-- Records for the task --
=====

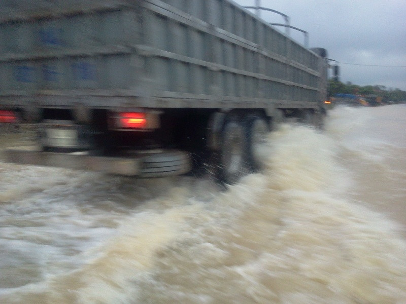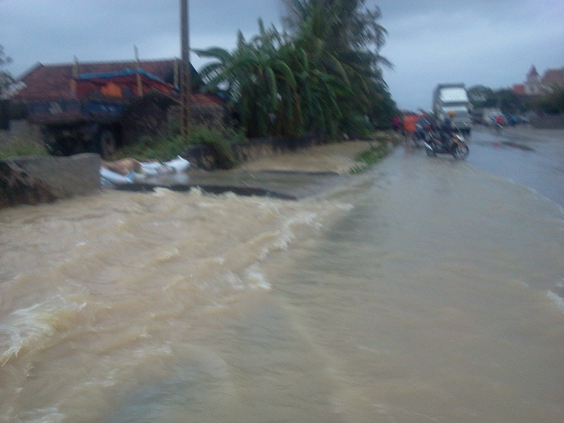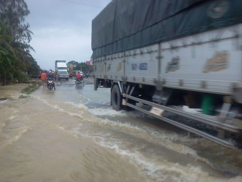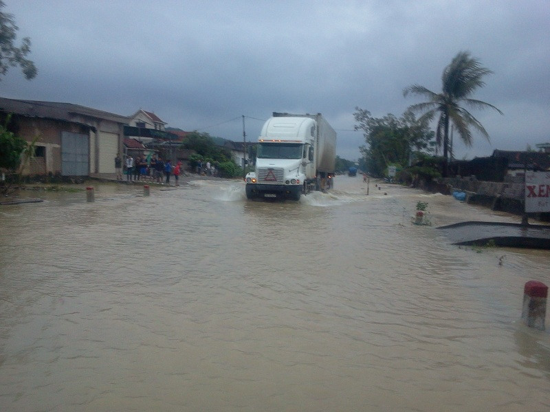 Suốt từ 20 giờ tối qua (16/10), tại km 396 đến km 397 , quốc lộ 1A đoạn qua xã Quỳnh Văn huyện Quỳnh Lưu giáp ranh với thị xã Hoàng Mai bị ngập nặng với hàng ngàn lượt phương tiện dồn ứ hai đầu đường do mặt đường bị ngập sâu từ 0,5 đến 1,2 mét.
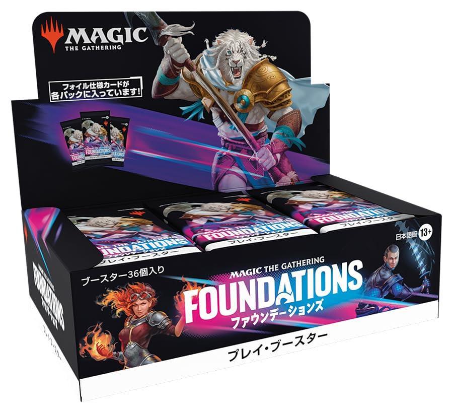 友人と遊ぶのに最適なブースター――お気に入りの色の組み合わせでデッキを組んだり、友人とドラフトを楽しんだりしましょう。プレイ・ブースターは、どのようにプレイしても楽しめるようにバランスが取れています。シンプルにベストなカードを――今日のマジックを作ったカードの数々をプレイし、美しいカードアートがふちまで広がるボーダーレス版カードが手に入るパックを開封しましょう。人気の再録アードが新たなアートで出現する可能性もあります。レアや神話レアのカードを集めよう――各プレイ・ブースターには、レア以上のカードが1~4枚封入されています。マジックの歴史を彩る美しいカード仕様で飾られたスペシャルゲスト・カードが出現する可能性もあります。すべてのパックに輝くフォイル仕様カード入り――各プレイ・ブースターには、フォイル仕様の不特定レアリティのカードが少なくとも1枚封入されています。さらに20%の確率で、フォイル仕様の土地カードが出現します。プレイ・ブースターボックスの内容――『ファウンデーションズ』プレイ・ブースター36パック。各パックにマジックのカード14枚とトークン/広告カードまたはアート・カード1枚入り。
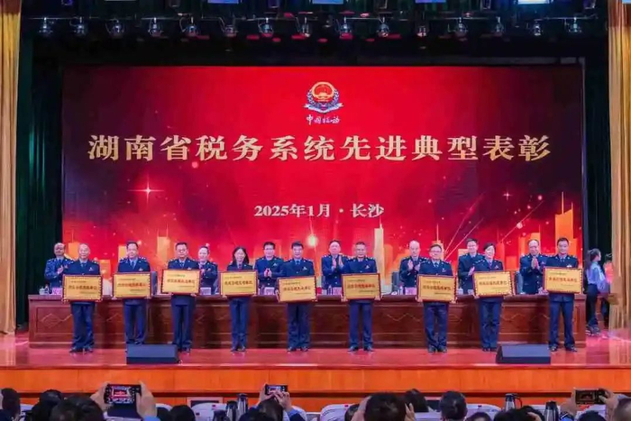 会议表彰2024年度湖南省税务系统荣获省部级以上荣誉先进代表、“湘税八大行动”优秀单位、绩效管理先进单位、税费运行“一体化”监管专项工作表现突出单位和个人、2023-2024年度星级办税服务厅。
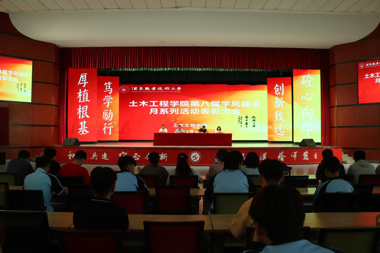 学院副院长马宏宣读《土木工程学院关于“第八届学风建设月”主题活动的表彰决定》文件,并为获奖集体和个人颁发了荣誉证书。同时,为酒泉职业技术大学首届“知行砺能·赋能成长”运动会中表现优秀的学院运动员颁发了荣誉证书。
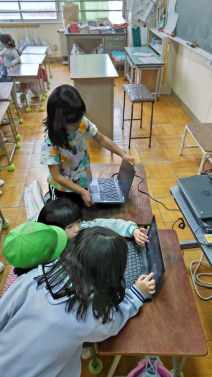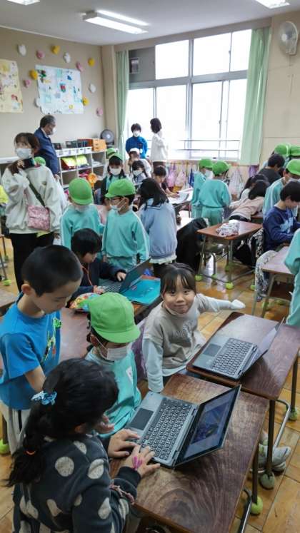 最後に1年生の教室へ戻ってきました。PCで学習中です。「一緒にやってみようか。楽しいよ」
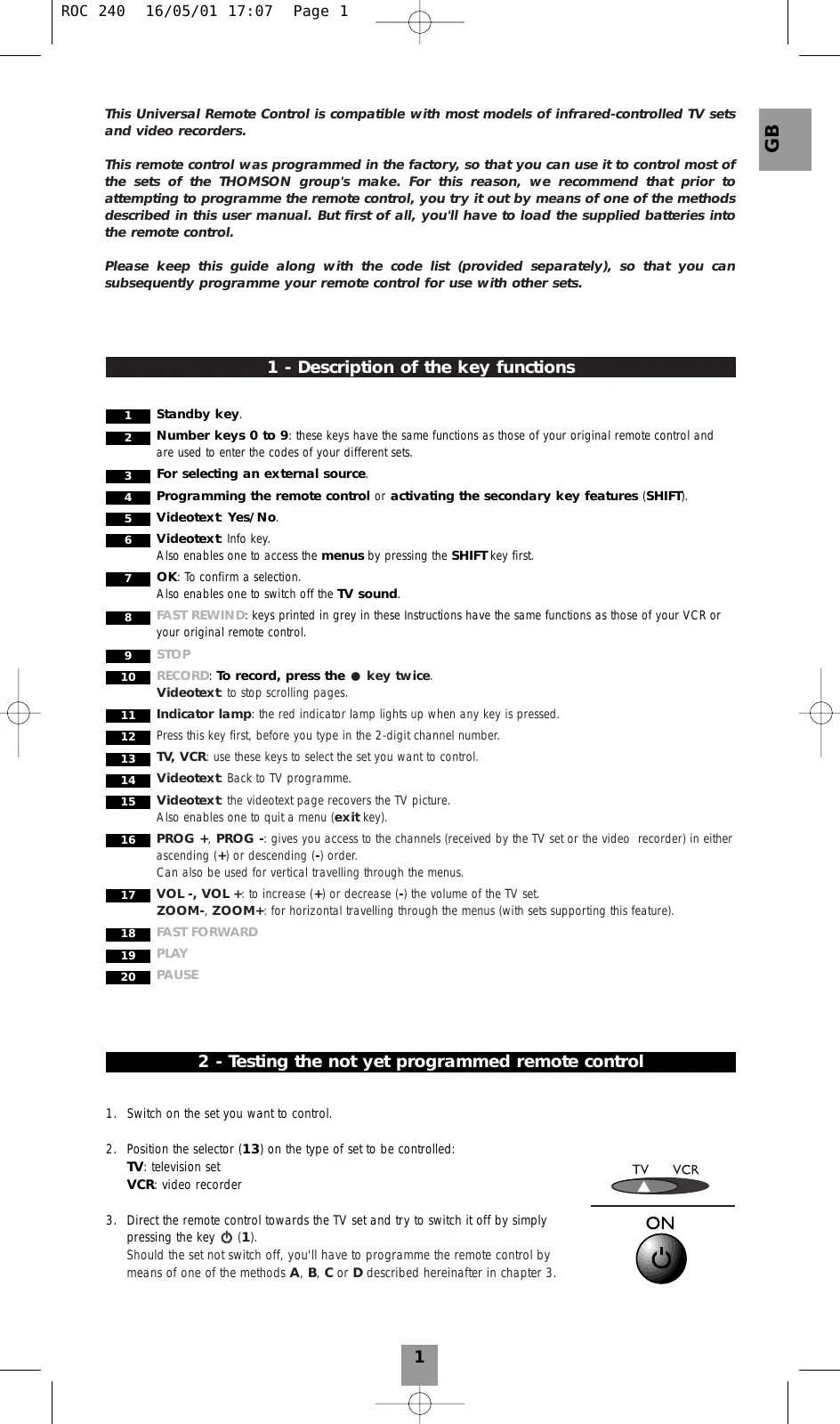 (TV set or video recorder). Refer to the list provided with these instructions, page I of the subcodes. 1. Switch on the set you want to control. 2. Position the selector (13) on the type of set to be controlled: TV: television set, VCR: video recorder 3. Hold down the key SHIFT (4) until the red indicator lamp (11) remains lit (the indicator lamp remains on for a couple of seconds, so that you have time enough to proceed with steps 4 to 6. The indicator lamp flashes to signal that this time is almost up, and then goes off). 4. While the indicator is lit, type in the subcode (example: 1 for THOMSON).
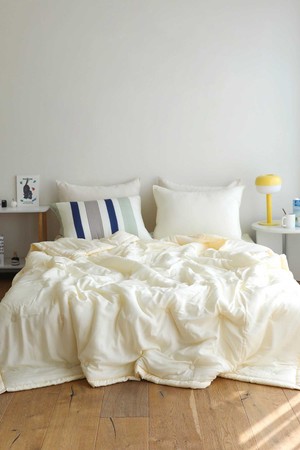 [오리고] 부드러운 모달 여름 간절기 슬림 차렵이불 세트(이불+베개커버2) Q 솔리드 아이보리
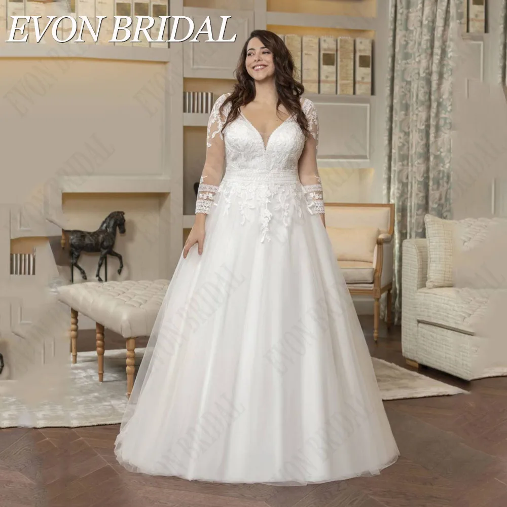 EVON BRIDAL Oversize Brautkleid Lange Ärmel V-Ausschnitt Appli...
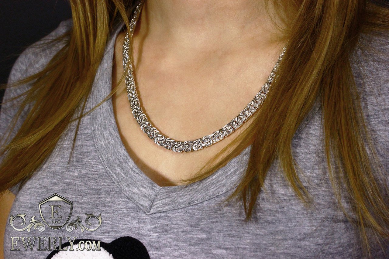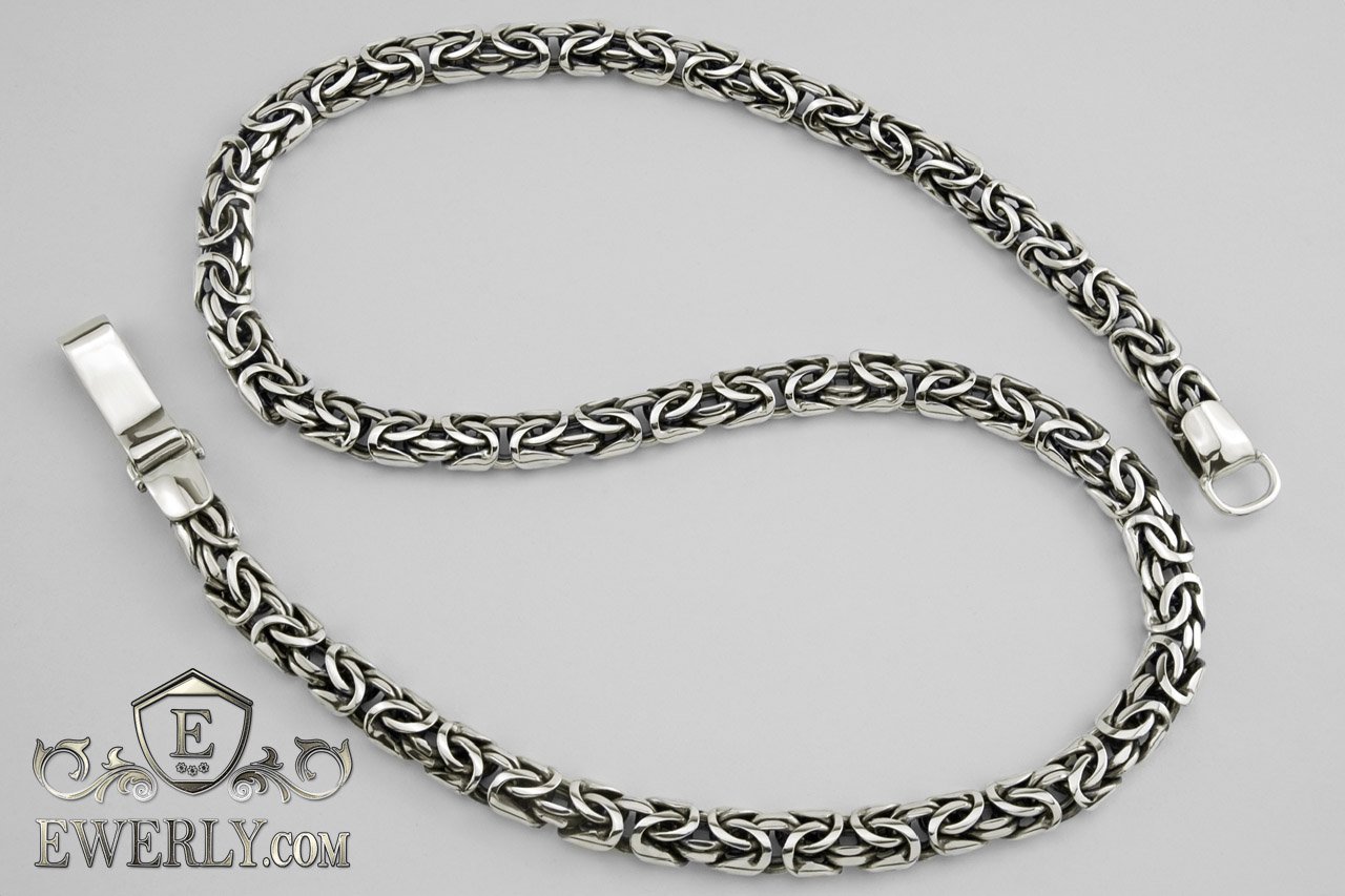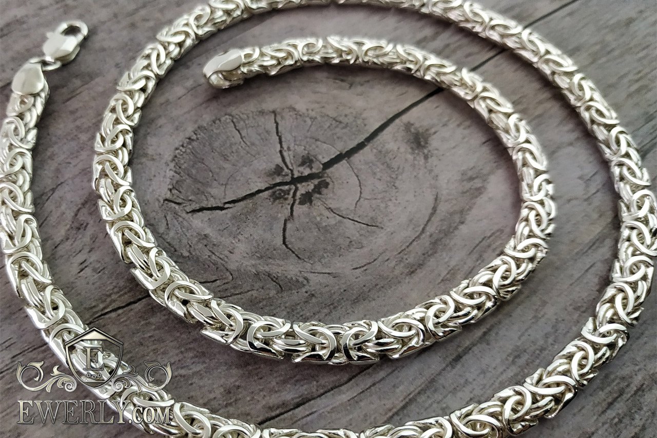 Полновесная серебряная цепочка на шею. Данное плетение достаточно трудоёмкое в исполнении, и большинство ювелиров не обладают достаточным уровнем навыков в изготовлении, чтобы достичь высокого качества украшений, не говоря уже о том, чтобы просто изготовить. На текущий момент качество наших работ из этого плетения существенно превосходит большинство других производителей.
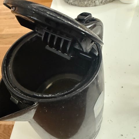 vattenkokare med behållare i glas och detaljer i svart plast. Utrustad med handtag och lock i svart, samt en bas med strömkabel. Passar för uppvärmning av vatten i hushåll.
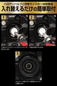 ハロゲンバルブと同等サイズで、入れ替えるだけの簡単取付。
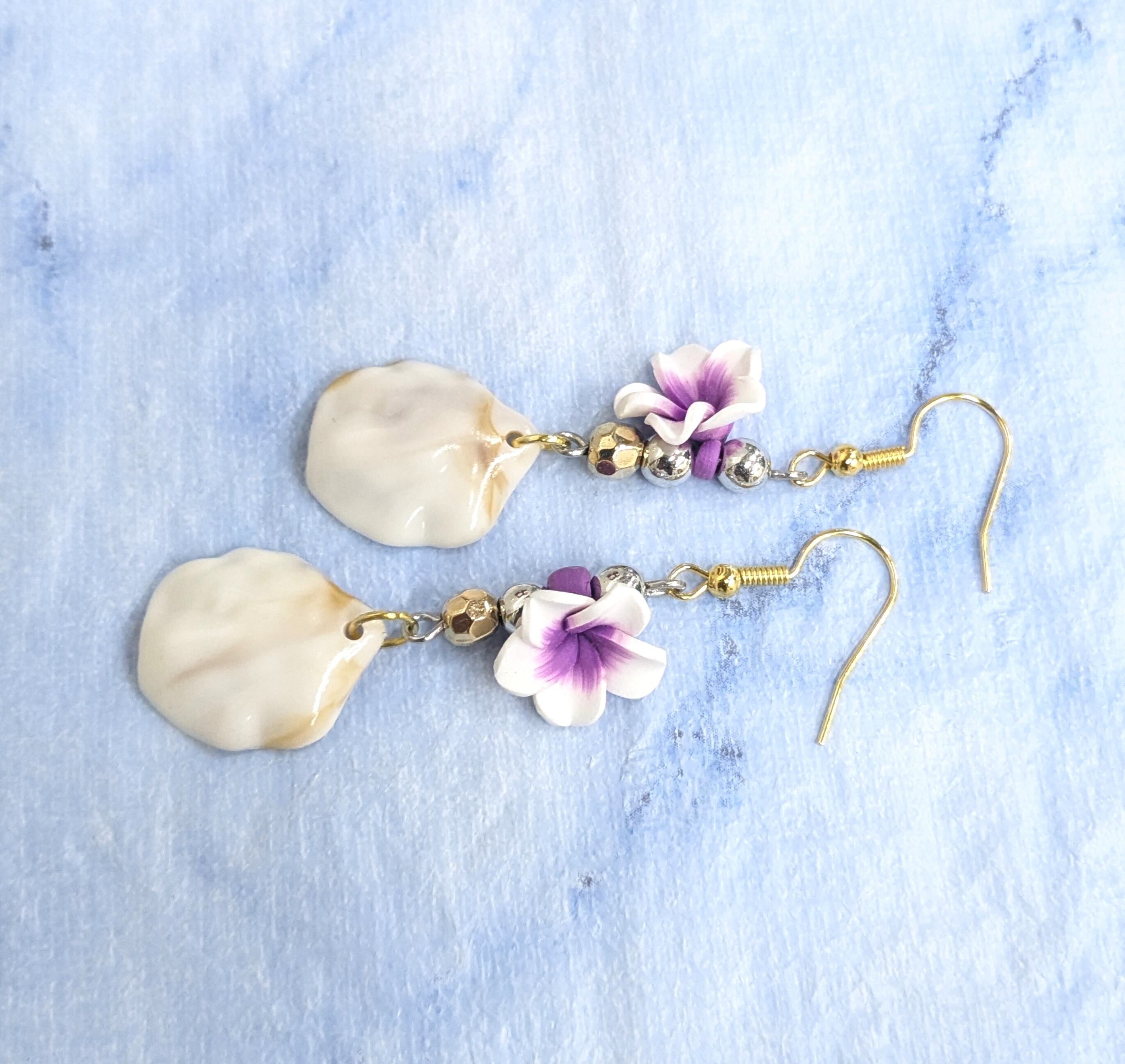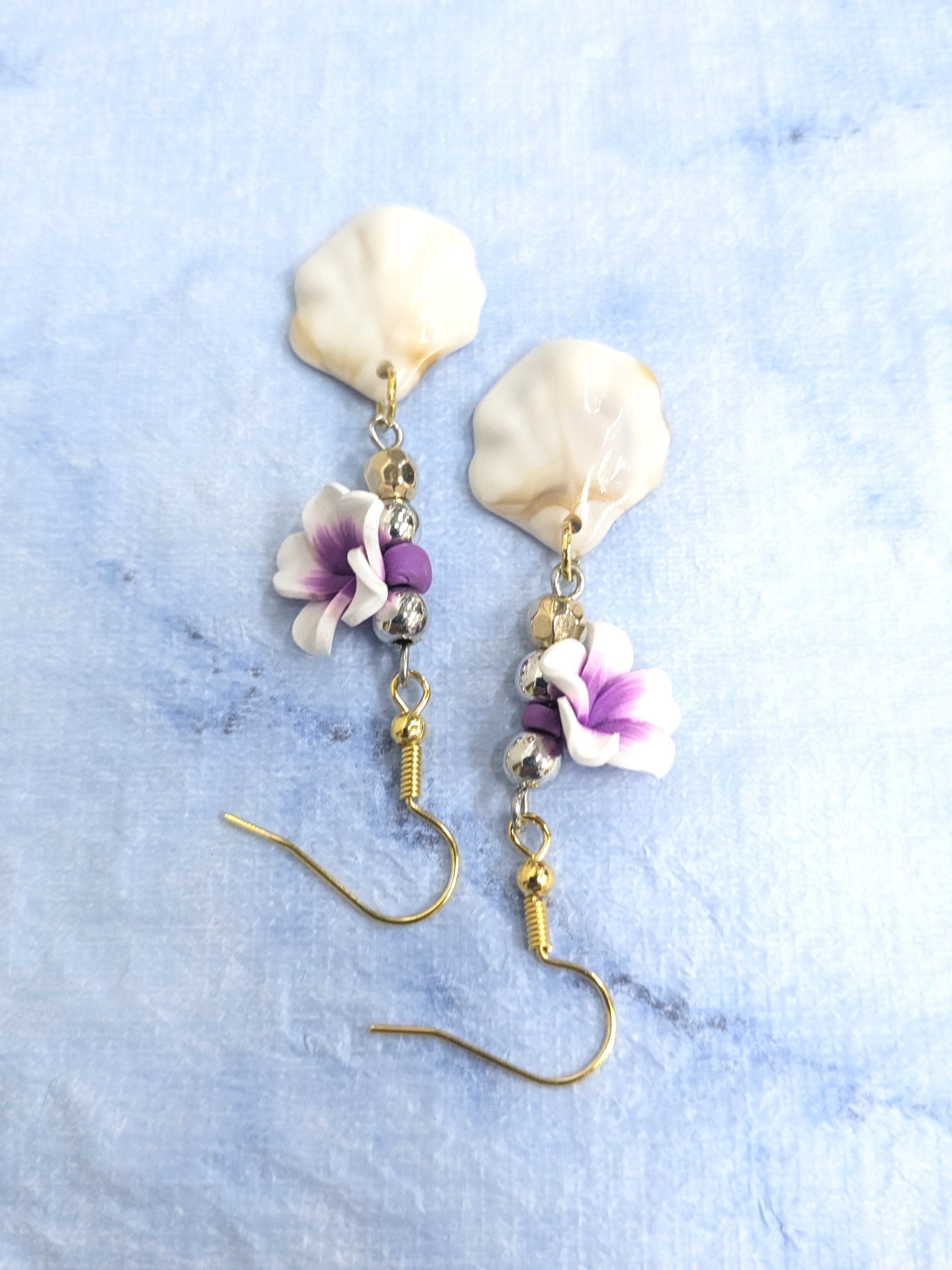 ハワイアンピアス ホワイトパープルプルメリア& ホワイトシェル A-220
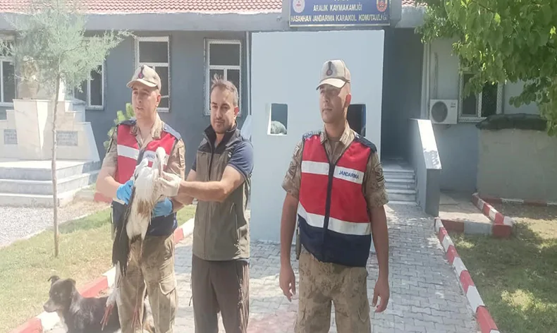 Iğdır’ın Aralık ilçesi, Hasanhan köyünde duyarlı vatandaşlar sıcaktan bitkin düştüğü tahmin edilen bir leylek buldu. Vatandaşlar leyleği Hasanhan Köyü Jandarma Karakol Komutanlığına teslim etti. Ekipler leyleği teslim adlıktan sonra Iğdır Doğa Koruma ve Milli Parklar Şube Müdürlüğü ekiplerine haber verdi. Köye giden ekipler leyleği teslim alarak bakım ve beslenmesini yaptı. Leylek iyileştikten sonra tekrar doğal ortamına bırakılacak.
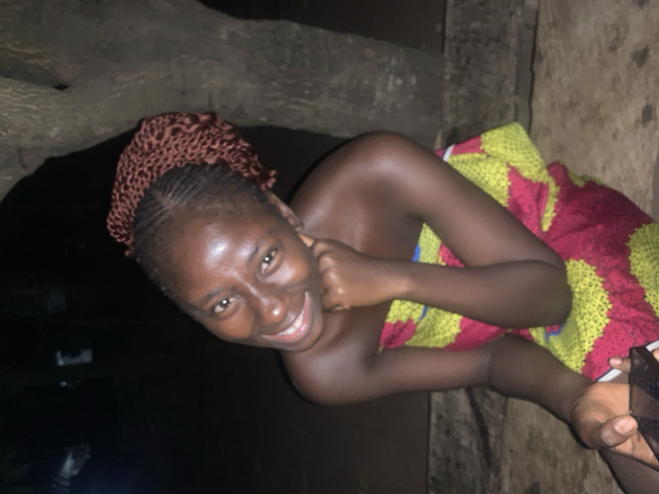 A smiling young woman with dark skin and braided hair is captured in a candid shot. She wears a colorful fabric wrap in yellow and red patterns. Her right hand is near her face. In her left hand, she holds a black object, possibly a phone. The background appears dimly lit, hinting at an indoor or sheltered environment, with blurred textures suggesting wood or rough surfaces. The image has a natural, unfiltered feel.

=====

Copy word for word only the lines above from the one with "学院副院长马宏宣读《土木工程" through the one with "Iğdır’ın Aralık ilçesi, Hasanhan". Leave pictures out.

 学院副院长马宏宣读《土木工程学院关于“第八届学风建设月”主题活动的表彰决定》文件,并为获奖集体和个人颁发了荣誉证书。同时,为酒泉职业技术大学首届“知行砺能·赋能成长”运动会中表现优秀的学院运动员颁发了荣誉证书。
 最後に1年生の教室へ戻ってきました。PCで学習中です。「一緒にやってみようか。楽しいよ」
 (TV set or video recorder). Refer to the list provided with these instructions, page I of the subcodes. 1. Switch on the set you want to control. 2. Position the selector (13) on the type of set to be controlled: TV: television set, VCR: video recorder 3. Hold down the key SHIFT (4) until the red indicator lamp (11) remains lit (the indicator lamp remains on for a couple of seconds, so that you have time enough to proceed with steps 4 to 6. The indicator lamp flashes to signal that this time is almost up, and then goes off). 4. While the indicator is lit, type in the subcode (example: 1 for THOMSON).
 [오리고] 부드러운 모달 여름 간절기 슬림 차렵이불 세트(이불+베개커버2) Q 솔리드 아이보리
 EVON BRIDAL Oversize Brautkleid Lange Ärmel V-Ausschnitt Appli...
 Полновесная серебряная цепочка на шею. Данное плетение достаточно трудоёмкое в исполнении, и большинство ювелиров не обладают достаточным уровнем навыков в изготовлении, чтобы достичь высокого качества украшений, не говоря уже о том, чтобы просто изготовить. На текущий момент качество наших работ из этого плетения существенно превосходит большинство других производителей.
 vattenkokare med behållare i glas och detaljer i svart plast. Utrustad med handtag och lock i svart, samt en bas med strömkabel. Passar för uppvärmning av vatten i hushåll.
 ハロゲンバルブと同等サイズで、入れ替えるだけの簡単取付。
 ハワイアンピアス ホワイトパープルプルメリア& ホワイトシェル A-220
 Iğdır’ın Aralık ilçesi, Hasanhan köyünde duyarlı vatandaşlar sıcaktan bitkin düştüğü tahmin edilen bir leylek buldu. Vatandaşlar leyleği Hasanhan Köyü Jandarma Karakol Komutanlığına teslim etti. Ekipler leyleği teslim adlıktan sonra Iğdır Doğa Koruma ve Milli Parklar Şube Müdürlüğü ekiplerine haber verdi. Köye giden ekipler leyleği teslim alarak bakım ve beslenmesini yaptı. Leylek iyileştikten sonra tekrar doğal ortamına bırakılacak.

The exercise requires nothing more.